Pauvre dément, c’est bien cela. Pauvre ignorant, pauvre imbécile sans argument. Que vas-tu faire demain ? Ne me réponds pas, je le sais déjà… Je t’ai laissé sans nouvelle bien longtemps ; et tu prendras mes mots, tu trouveras un giron dans lequel t’enfouir, et tu diras ô combien je suis méchante. Vilaine. Cruelle. Égoïste. Stupide. Vaniteuse. Prétentieuse. Destructrice.
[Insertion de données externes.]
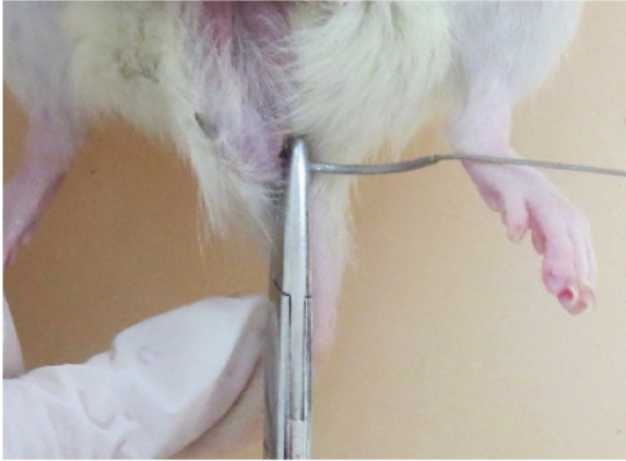
Fig. 1 – Transection of the anal sphincter with steel suture.

results not inferior to other techniques for fecal incontinence and lower recurrence rates. However, information about the influence of the suture used to perform the sphincter reconstruction is lacking; therefore, the present study aimed to provide new information on this issue.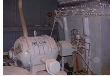
ABL-634 Fan, Multivane

Mfr: Sturtevant, Size: 7 1/2, Design: 6, SN: 518157, with Motor, electric - Linestart, Mfr: Westinghouse, Type: CS Induction Motor, HP: 150, constant speed, Frame: 772-S, Phase: 3, Cycle: 60, Volta: 440, Amps Per Terminal: 174, % Load: 100, RPM: 1175, Hours: 24, Deg C Rise: 40, Code: H, Style No.: 3N-8712, SN: 1S-3N8712

Miroir mon beau miroir, dis-moi qui est le plus menteur…
Ensuite, qu’iras-tu encore inventer ? Auprès de qui iras-tu te plaindre, tentant un sourire presque de compassion entre tes fausses larmes et tes vrais étranglements, car après tout, s’il le faut, si cela sert ta cause, tu irais jusqu’à dire que malgré tout ce que je suis, tu as pitié de moi.
Moi, je n’ai aucune pitié. J’en ai plus pour ce cafard qui ne méritait pas d’être là, qui n’a pas choisi d’être cafard, qui vivait sa vie de cafard, qui a fini asphyxié par un pesticide bon marché.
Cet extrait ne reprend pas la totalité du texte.